Items listed in a dataset>
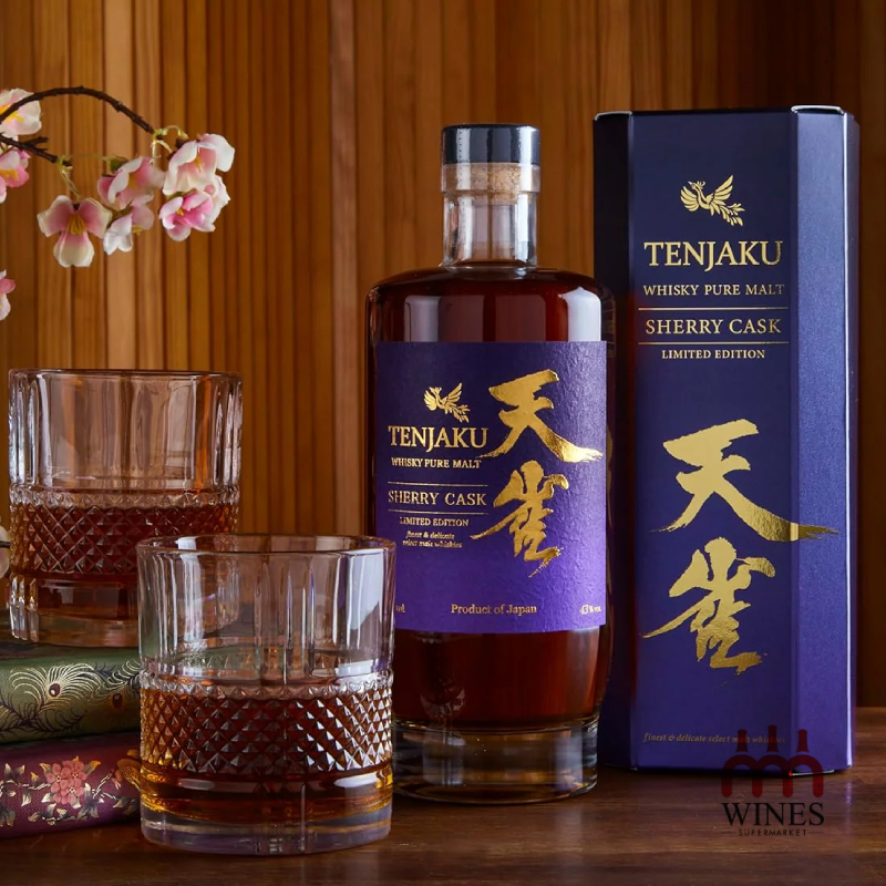 Một bản giao hưởng của thời gian. Tenjaku Sherry Cask Finished Pure Malt Japanese Whisky là sự pha trộn của 15% whisky mạch nha 3 năm tuổi, 15% whisky 5 năm tuổi, 60% whisky 8 năm tuổi và 10% whisky mạch nha 12 năm tuổi, bổ sung cho nhau một cách hài hòa, tạo nên một giai điệu nhẹ nhàng. Hương vị whisky đặc trưng bởi vị ngọt của sherry, nhờ quá trình ủ hỗn hợp cuối cùng trong thùng gỗ sồi sherry. 100% lúa mạch mạch nha được sử dụng trong quá trình sản xuất. Rượu được chưng cất bằng một trong những nguồn nước sạch nhất Nhật Bản, từ dãy núi Misaka, thuộc lưu vực Fuji.
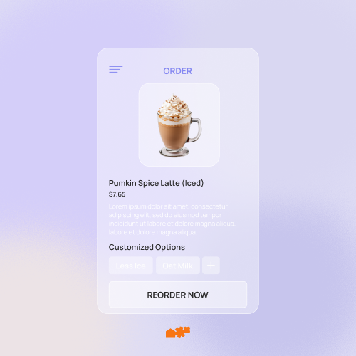 반투명 유리 효과를 활용하여 배경을 흐릿하게 만들고, 밝은 색상과 미묘한 테두리로 입체감을 주는 UI 디자인입니다
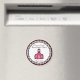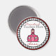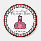 A magnet for teachers featuring the logo of The Pink Schoolhouse inside a circle shaped black gingham frame with red trim. Black and red text reads "Preschool Teachers have class."
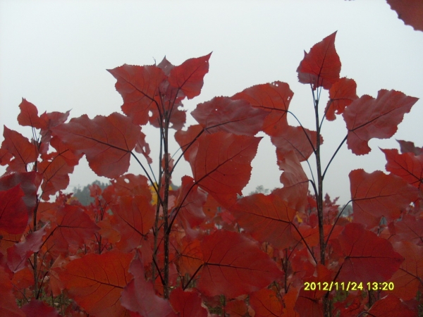 红叶杨当年扦插的小苗高度在60-70cm上下开始发侧枝,在整个生长季节,一般能发出5—7个侧枝,比中林46杨多4—5个,比69杨多3—4个。当年平茬的小苗,高度在35-40cm上下开始发侧枝,在整个生长季节,一般能发出8—14个侧枝,比中林46杨多5—9个,比69杨多2—6个。在正个生长期间,叶片鲜红,靓丽夺目。它的生长期是:在豫东地区,全红杨春季展叶期是3月28日至4月6日,比中林46杨早5—9天,比69杨早3—6天,比2025杨晚2—4天;它的封顶期是从9月15日—9月26日,落叶期为10月20日—11月15日,比中林46杨晚落叶60天左右,比69杨晚落叶20天左右,与红叶杨、2025杨相当。
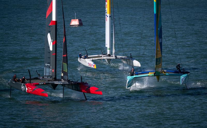 Switzerland SailGP Team helmed by Sebastien Schneiter leads Mubadala Brazil SailGP Team helmed by Martine Grael and Red Bull Italy SailGP Team helmed by Ruggero Tita during a practice session ahead of the DP World Spain Sail Grand Prix © Jason Ludlow for SailGP
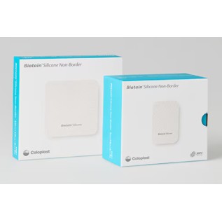 Biatain® Silicone Non-Border est un pansement de mousse de polyuréthane doux et flexible muni d’un film supérieur perméable à la vapeur et imperméable à l'eau et aux bactéries, d’un adhésif en silicone non irritant et perforé et de films protecteurs turquoise.

EXERCISE BRIEF> A faithful copy is needed: reproduce all of the data above, leaving the pictures out.

RESULT FOR THIS TASK>
 Một bản giao hưởng của thời gian. Tenjaku Sherry Cask Finished Pure Malt Japanese Whisky là sự pha trộn của 15% whisky mạch nha 3 năm tuổi, 15% whisky 5 năm tuổi, 60% whisky 8 năm tuổi và 10% whisky mạch nha 12 năm tuổi, bổ sung cho nhau một cách hài hòa, tạo nên một giai điệu nhẹ nhàng. Hương vị whisky đặc trưng bởi vị ngọt của sherry, nhờ quá trình ủ hỗn hợp cuối cùng trong thùng gỗ sồi sherry. 100% lúa mạch mạch nha được sử dụng trong quá trình sản xuất. Rượu được chưng cất bằng một trong những nguồn nước sạch nhất Nhật Bản, từ dãy núi Misaka, thuộc lưu vực Fuji.
 반투명 유리 효과를 활용하여 배경을 흐릿하게 만들고, 밝은 색상과 미묘한 테두리로 입체감을 주는 UI 디자인입니다
 A magnet for teachers featuring the logo of The Pink Schoolhouse inside a circle shaped black gingham frame with red trim. Black and red text reads "Preschool Teachers have class."
 红叶杨当年扦插的小苗高度在60-70cm上下开始发侧枝,在整个生长季节,一般能发出5—7个侧枝,比中林46杨多4—5个,比69杨多3—4个。当年平茬的小苗,高度在35-40cm上下开始发侧枝,在整个生长季节,一般能发出8—14个侧枝,比中林46杨多5—9个,比69杨多2—6个。在正个生长期间,叶片鲜红,靓丽夺目。它的生长期是:在豫东地区,全红杨春季展叶期是3月28日至4月6日,比中林46杨早5—9天,比69杨早3—6天,比2025杨晚2—4天;它的封顶期是从9月15日—9月26日,落叶期为10月20日—11月15日,比中林46杨晚落叶60天左右,比69杨晚落叶20天左右,与红叶杨、2025杨相当。
 Switzerland SailGP Team helmed by Sebastien Schneiter leads Mubadala Brazil SailGP Team helmed by Martine Grael and Red Bull Italy SailGP Team helmed by Ruggero Tita during a practice session ahead of the DP World Spain Sail Grand Prix © Jason Ludlow for SailGP
 Biatain® Silicone Non-Border est un pansement de mousse de polyuréthane doux et flexible muni d’un film supérieur perméable à la vapeur et imperméable à l'eau et aux bactéries, d’un adhésif en silicone non irritant et perforé et de films protecteurs turquoise.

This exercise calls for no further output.